Once it became legal to hire a lawyer the cost of advancing Aboriginal rights and title claims still prevented many Aboriginal peoples from doing so. This is still the case today.

The Federal government does provide limited funding to Aboriginal groups when it comes to their legal claims. The Specific Claims process was set up to handle outstanding Aboriginal claims against the Federal government totalling several billion dollars. Canada provides funding for the preparation of these historical claims by Bands and Tribal councils so that a small number can be submitted under the Specific Claims process each year. If a submitted claim is deemed valid, Canada will agree to negotiate and will provide funds to pay for the legal fees and other costs associated with the negotiations. However, once negotiations fail, legal funds are cut off and claimants are left to fend for themselves in the courts or submit the claim to the Specific Claims Tribunal, a recently established court. If a claim is submitted to the Specific Claims Tribunal some groups may be eligible for legal funding on a case by case basis but funding is not assured.

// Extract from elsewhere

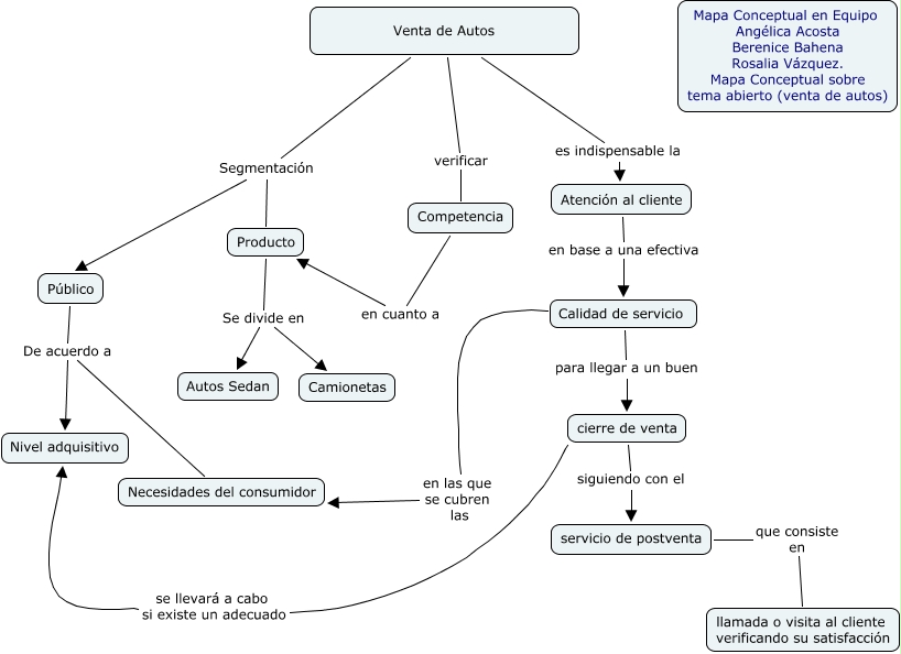 This Concept Map, created with IHMC CmapTools, has information related to: MC venta de autos (mapa en equipo Angie, Rosalia y Bere), Público De acuerdo a Nivel adquisitivo, cierre de venta se llevará a cabo si existe un adecuado Nivel adquisitivo, Competencia en cuanto a Producto, Producto Se divide en Autos Sedan, Atención al cliente en base a una efectiva Calidad de servicio, cierre de venta siguiendo con el servicio de postventa, Venta de Autos verificar Competencia, Calidad de servicio para llegar a un buen cierre de venta, Venta de Autos Segmentación Público, Venta de Autos Segmentación Producto, Venta de Autos es indispensable la Atención al cliente, Producto Se divide en Camionetas, servicio de postventa que consiste en llamada o visita al cliente verificando su satisfacción, Público De acuerdo a Necesidades del consumidor, Calidad de servicio en las que se cubren las Necesidades del consumidor

Canada also provides test case funding. However funding is limited and is only available after a case reaches the higher courts on appeal, providing no assitance at the most time consuming stages of the case – preparation and trial.

In recent years the courts have recognized the need for legal funding of Aboriginal rights claims and have stepped in in some cass to force a governemnt to pay the costs of bringing a lawsuit aginst itself. In the Okanagan case (2003 SCC 71) the Supreme Court of Canada upheld a lower court order requiring the Province of British Columbia to provide funding to the Okanagan Indian Band in a court case against the Province over logging rights. In that case the Court issued an “advance costs order”. Such orders are unusual as the court traditionally waits until the end of a trial to see who wins and then orders the losing party to pay costs to the winner as a contribution to the winner’s legal fees. These traditional cost orders are granted to recognize that a party might win the trial but still not be fully compensated if the legal fees to achieve the victory erode the court award.

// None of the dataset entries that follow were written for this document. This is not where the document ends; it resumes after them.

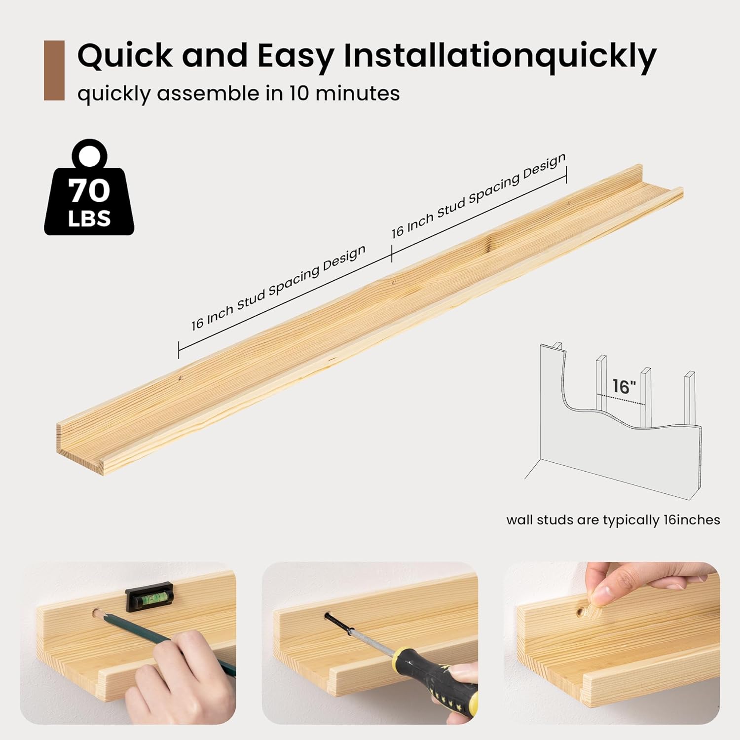 - 3.5" Floating Picture Ledge: Anti-Slip Narrow Design-3.5" ultra-narrow depth holds frames/plants without sliding, even on angled walls. Stud-Mounted Stability-16" pre-drilled holes match standard studs (hardware incl.) for wobble-free install. Clutter-Free Aesthetic-Clean lines blend with farmhouse/Scandinavian decor, focusing on your treasures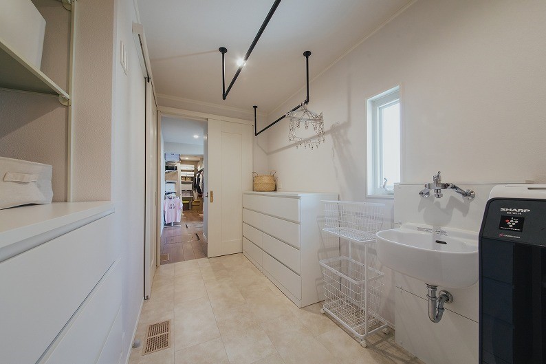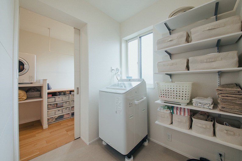 洗面脱衣室とは別にランドリースペースを設置されたHさま。キッチンからの回遊動線も便利で、「洗面」「脱衣」「ランドリールーム」をすべて分離して設置されています。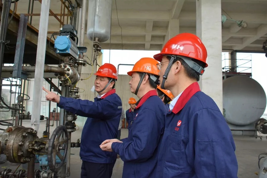 27日下午,吳福勝、孫先武剛到公司,顧不上休息,就在袁大兵、高文中等導(dǎo)陪同下深入生產(chǎn)線檢查安全工作。他們先后來(lái)到原料廠、動(dòng)力廠、有機(jī)廠開展檢查。在有機(jī)廠醇解工段,吳福勝?gòu)臉堑剿臉?,?duì)每臺(tái)關(guān)鍵設(shè)備和關(guān)鍵點(diǎn)都仔細(xì)查看,提出整改意見。28日早,吳福勝又來(lái)到VAE乳液廠檢查,了解鍋爐運(yùn)行、DCS報(bào)警系統(tǒng)、用電安全等工作。每到處,吳福勝都對(duì)各工序進(jìn)行認(rèn)真巡查,詳細(xì)了解生產(chǎn)工藝控制參數(shù),反復(fù)查看現(xiàn)場(chǎng)值班巡檢記錄,與操作人員深入交流,叮囑大家時(shí)刻繃緊安全生產(chǎn)這根弦,堅(jiān)守底線思維,落實(shí)安全責(zé)任,確保安全生產(chǎn)。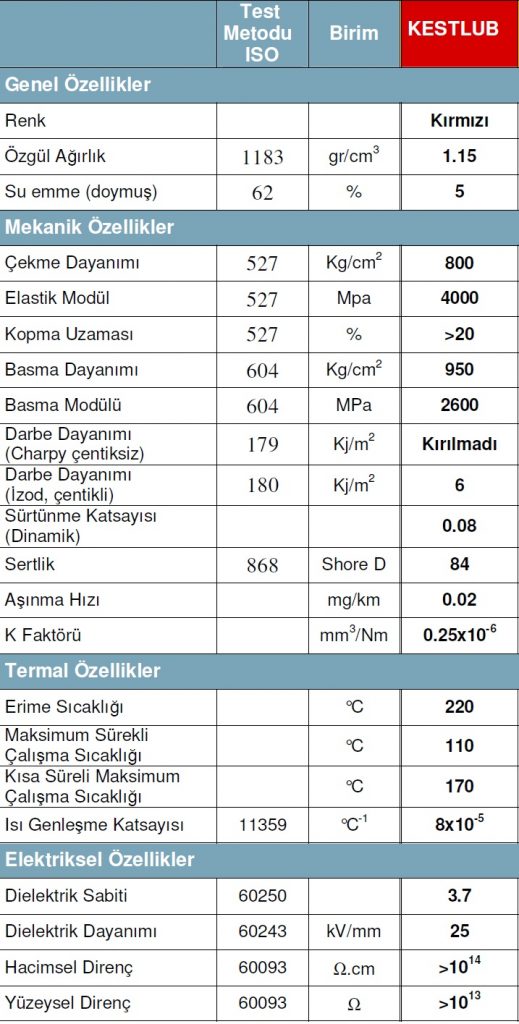 Yüzeylerde yapışmayı engeller. Düşük sürtünme katsayısına sahip olup, yüksek kayma özellikleri sunar. Kolayca montaj ve demontaj yapılabilir. Yüksek aşınma direnci ile uzun ömürlüdür. Mekanik işleme işlemleri oldukça kolaydır.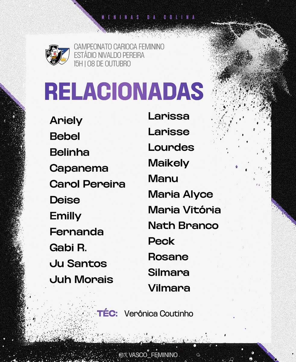 Feminino: Confira as jogadoras do Vasco relacionadas para a partida contra o Heips

Unlike traditional cost orders, advance costs orders are made prior to or during the trial process and costs are payable to the Aboriginal litigant win or lose. This can level the playing field ensuring a fair fight – which is what the court wants to see. However, advance costs order are only available in exceptional circumstances where there is a good case on the merits of the claim, the case is of public importance and not a mere private dispute, and the case would not be advanced if legal funding is not ordered. Even when these conditions are met the court may still refuse to order a government to fund an Aboriginal lawsuit against itself. The court maintains absolute desrcetion in these cases.

While all of these mechanisms for legal funding of Aboriginal claims assist, they are very uncertain and unpredictable. It can also be very expensive to advance a claim for legal funding. In one successful motion for an advance costs order the government was ordered to pay $60,000 as a contribution toward the cost of making the motion. The Band’s actual costs for presenting the request for funding to the court were much higher.

The result of this lack of adequate and timely legal funding is that many valid cases have languished for decades and even centuries depriving Aboriginal people of vital land, resources and capital to support their growing populations. This status quo could all change quickly with a court ruling elevating legal funding for Aboriginal claims to the status of a Treaty right constitutionally protcted by section 35 of the Constitution act, 1982. This would finally give effect to the promises made by Lieutenant Governor Belcher and other representatives of the Crown to protect the legal rights of our Aboriginal peoples. It would finally give Aboriginal peoples themselve the ability to take part in one of Canada’s greatest institutions – it’s fine and impartial judiciary.